→ **Exercise description**
Copy exactly the lines from the start of the material through the line with "Obdélníkový tác z". Pictures stay out of the copy.

→ **Material for the task**
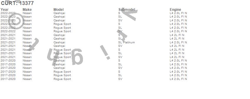 Below is an abbreviated list of applications for the Class III 2 in. Receiver Hitch.Qashqai, Rogue Sport, Nissan, 2023, 2022, 2021, 2020, 2019, 2018, 2017
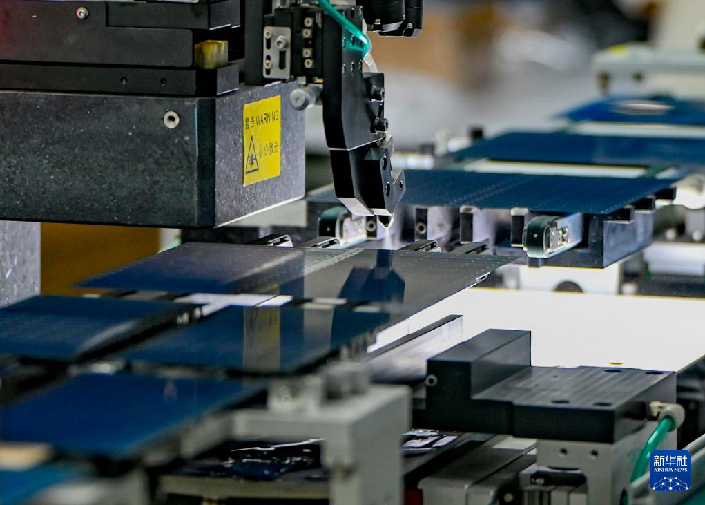 在新疆巴音郭楞蒙古自治州若羌县一家新能源有限公司,全自动划片机在切割光伏电池片(2025年9月22日摄)。2025年,电动汽车、光伏产品、锂电池等“新三样”产品出口规模接近1.3万亿元,比2020年增长3.5倍。
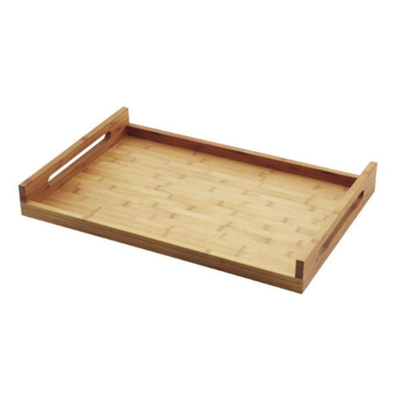 Obdélníkový tác z bukového dřeva je ideální pro servírování vašich pokrmů u jídelního stolu, v bufetu nebo pro pokojovou službu. Praktické rukojeti a hrana usnadňují přenášení nádobí. Podnos je odolný vůči teplu a splňuje nejvyšší standardy kvality.
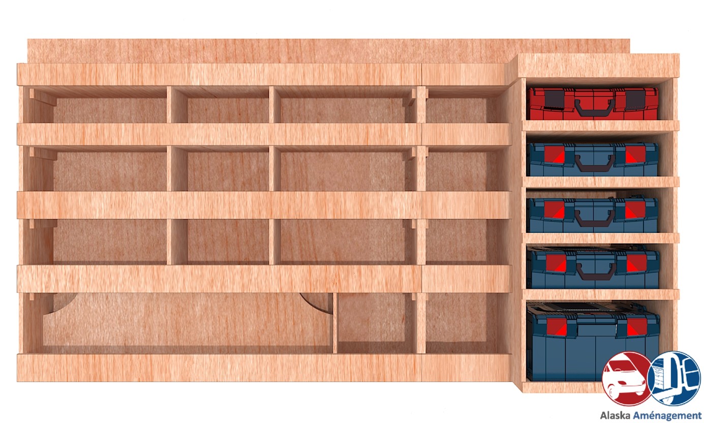 Ce meuble de rangement KRMG-N (pour le latéral « Gauche » de votre véhicule) offre une solution de stockage polyvalente et fonctionnelle avec cinq niveaux de stockage. Il comprend des étagères  et un module spécifique pour les mallettes d’électroportatif. Une étagère supérieure est conçue pour les objets longs. Son fond arrière intégré assure la rigidité et protège la carrosserie du véhicule, évitant un habillage supplémentaire. Le meuble est disponible en contreplaqué brut ou filmé.
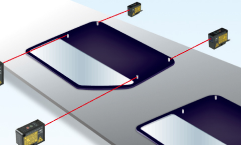 光電センサで穴を斜めから検出するのは難しいのですが、BGS-HDLシリーズなら常に最適なサンプリング周期で検出する「AUTOモード」により、斜めにしか取付けができない場合でも安定して検出できます。
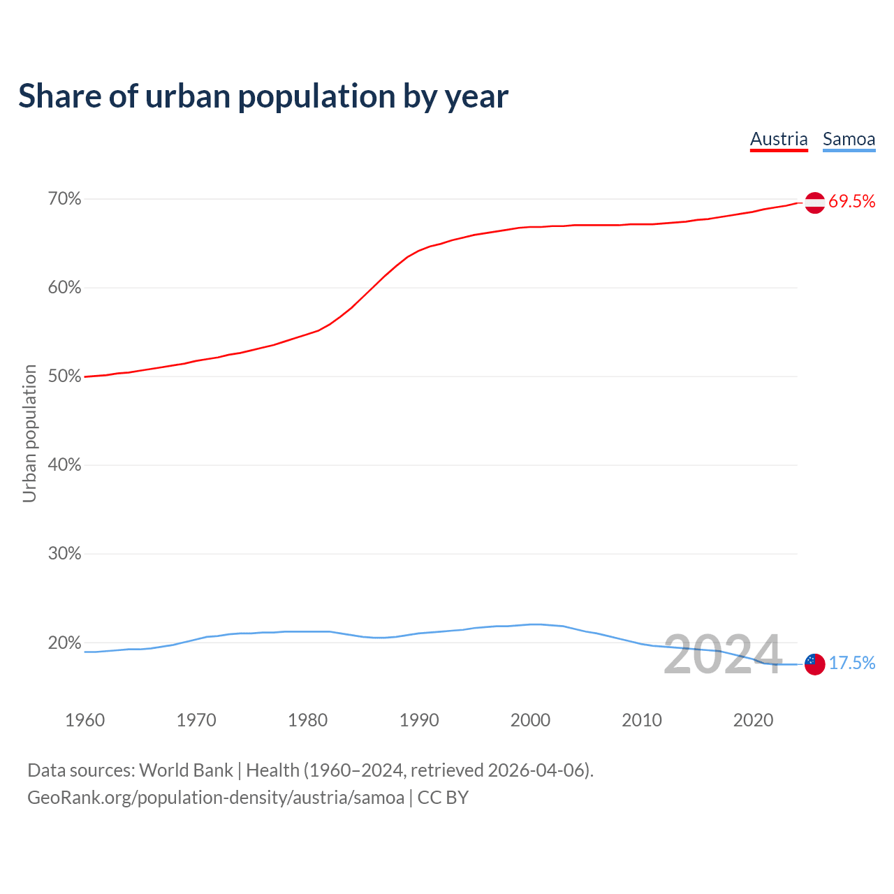 From 2004 to 2024, the share of urban population changed from 67% to 69.5% in Austria and from 21.5% to 17.5% in Samoa.
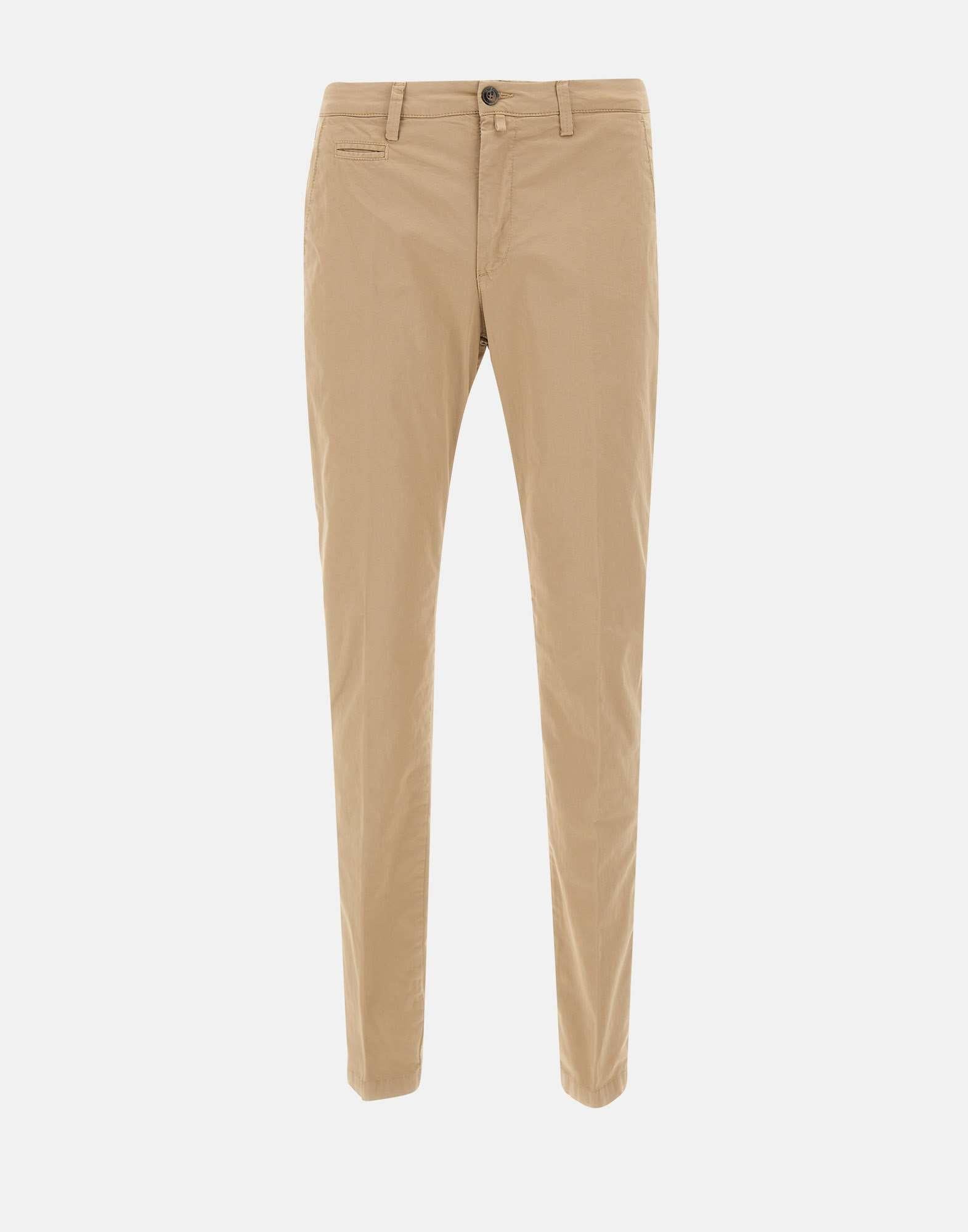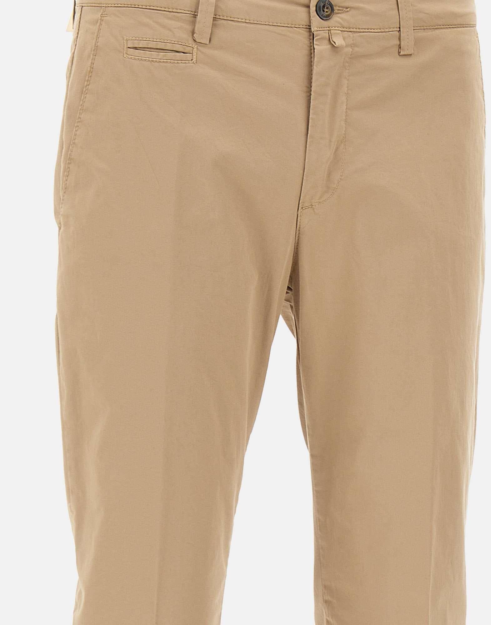 Briglia1949 "BG05" men's stretch cotton trousers, sand beige, zip and button closure, side welt pockets, single welt rear pockets with buttons, watch pocket, regular waist with belt loops, slim fit. Made in Italy.
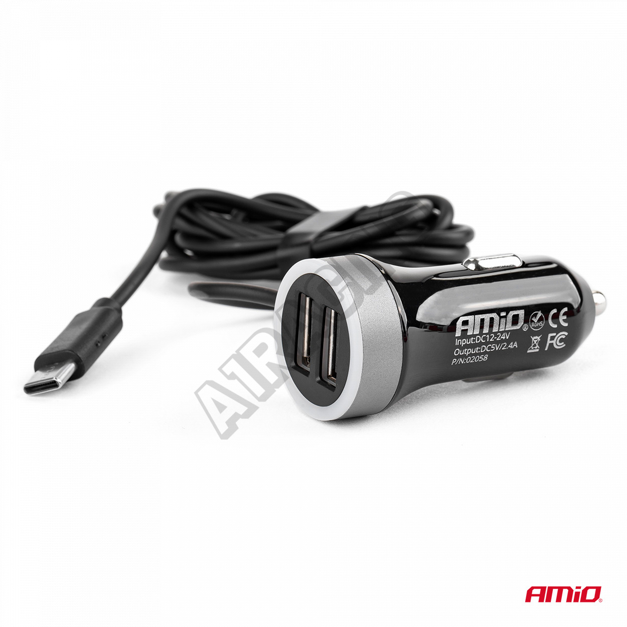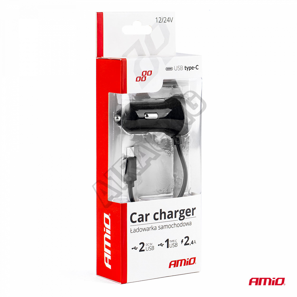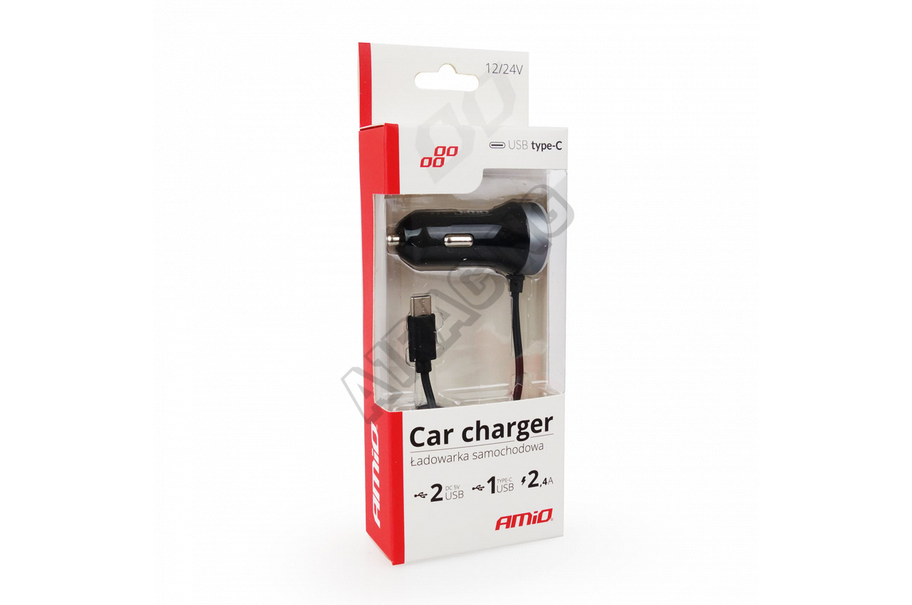 Automobilová nabíjačka 12/24V USB typ C + 2xUSB 2.4AKvalitná automobilová nabíjačka s 2 vstupmi USB
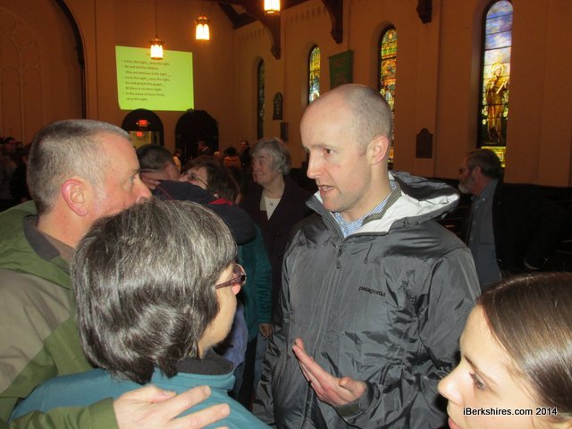 State Sen. Benjamin Downing speaks with Police Director Michael Cozzaglio at Sunday's prayer service. Downing said efforts continue to get BMC licensed to operate the NARH emergency room. |
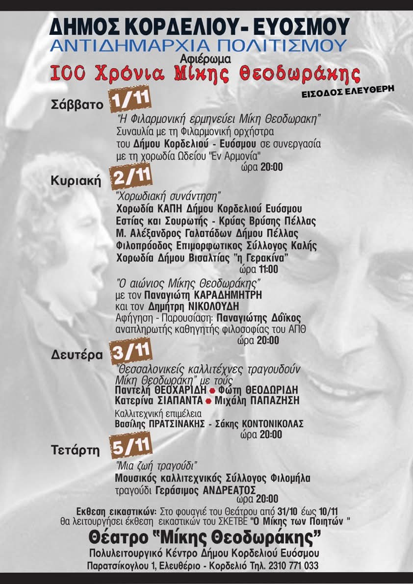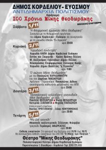 Τραγούδια και μουσικές που έγραψαν ιστορία, μελωδίες που σημάδεψαν ανεξίτηλα τις ψυχές μας και έγιναν φως, μετουσιώνοντας την πίστη σε έναν καλύτερο κόσμο με ελευθερία, δημοκρατία και δικαιοσύνη, ξαναζωντανεύουν στο πλαίσιο των επετειακών εκδηλώσεων που διοργανώνει, από τη 1 έως τις 5 Νοεμβρίου, ο Δήμος Κορδελιού – Ευόσμου για τα 100 χρόνια από τη γέννηση του μεγάλου Έλληνα μουσικοσυνθέτη, Μίκη Θεοδωράκη.
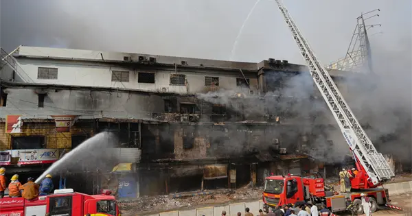 El incendio se propagó rápidamente a través de tiendas que almacenaban cosméticos, prendas de vestir y productos de plástico, señaló el médico Abid Jalal Sheikh, responsable de los servicios de emergencias de la ciudad.
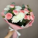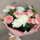 - Kustovie rozi i belaya hrizantema s blagorodnim evkalipiom
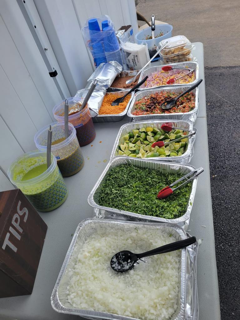 Cebolla, Cilantro, Limones, cebolla morada, arroz, frijoles, Chiles jalapeños, güeros, Tortillas.
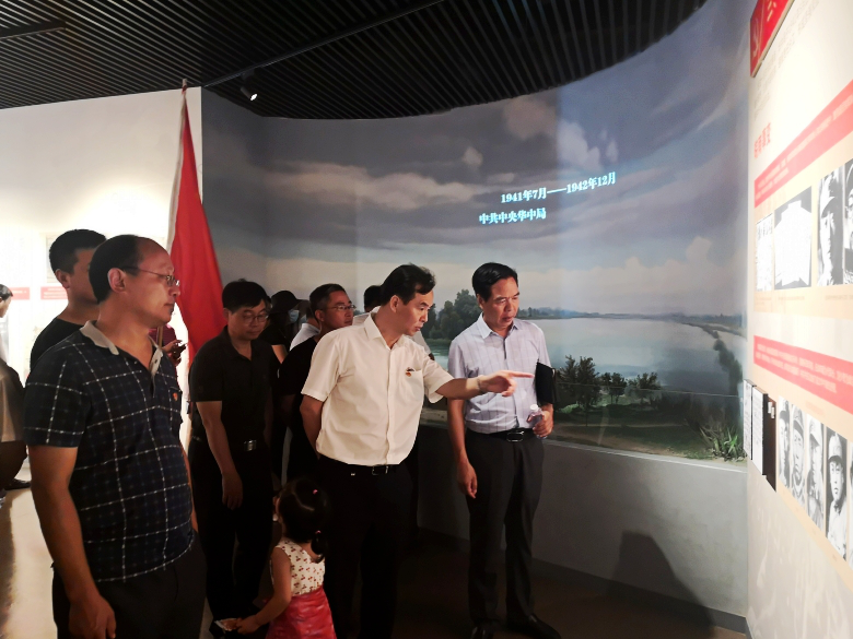首先参观了“中共中央华中局第一次扩大会议旧址”。阜宁县是著名的革命老区,红色土地。中共中央华中局历史陈列展分为“历史担当,中原局进盐城”、“中流砥柱,华中局力挽狂澜”、“继往开来,第一次扩大会议”、“烽火淬砺,从反攻走向胜利”四个部分,系统地再现了华中局的历史与辉煌,并以此凸显中国共产党领导在敌后抗战中的特殊作用和伟大贡献。
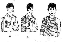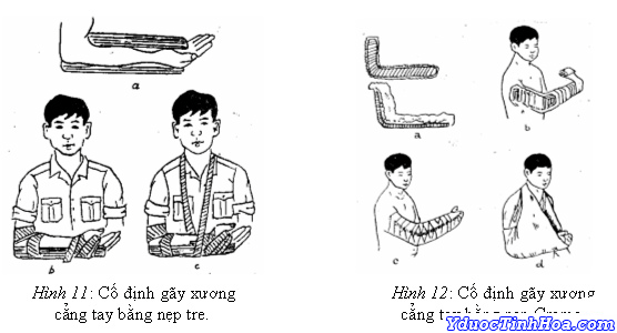 - Nếu không có nẹp thì có thể dùng một băng tam giác, dây hoặc băng cuộn đỡ cẳng tay gấp 90° so với cánh tay và treo trước ngực (nếu không có dây treo ta có thể luồn bàn tay người bị nạn qua khe giữa 2 cúc áo ngực), dùng bang tam giác, dây hoặc băng cuộn thứ 2 buộc ép cánh tay vào thân mình.

→ **Output of the exercise**
 Below is an abbreviated list of applications for the Class III 2 in. Receiver Hitch.Qashqai, Rogue Sport, Nissan, 2023, 2022, 2021, 2020, 2019, 2018, 2017
 在新疆巴音郭楞蒙古自治州若羌县一家新能源有限公司,全自动划片机在切割光伏电池片(2025年9月22日摄)。2025年,电动汽车、光伏产品、锂电池等“新三样”产品出口规模接近1.3万亿元,比2020年增长3.5倍。
 Obdélníkový tác z bukového dřeva je ideální pro servírování vašich pokrmů u jídelního stolu, v bufetu nebo pro pokojovou službu. Praktické rukojeti a hrana usnadňují přenášení nádobí. Podnos je odolný vůči teplu a splňuje nejvyšší standardy kvality.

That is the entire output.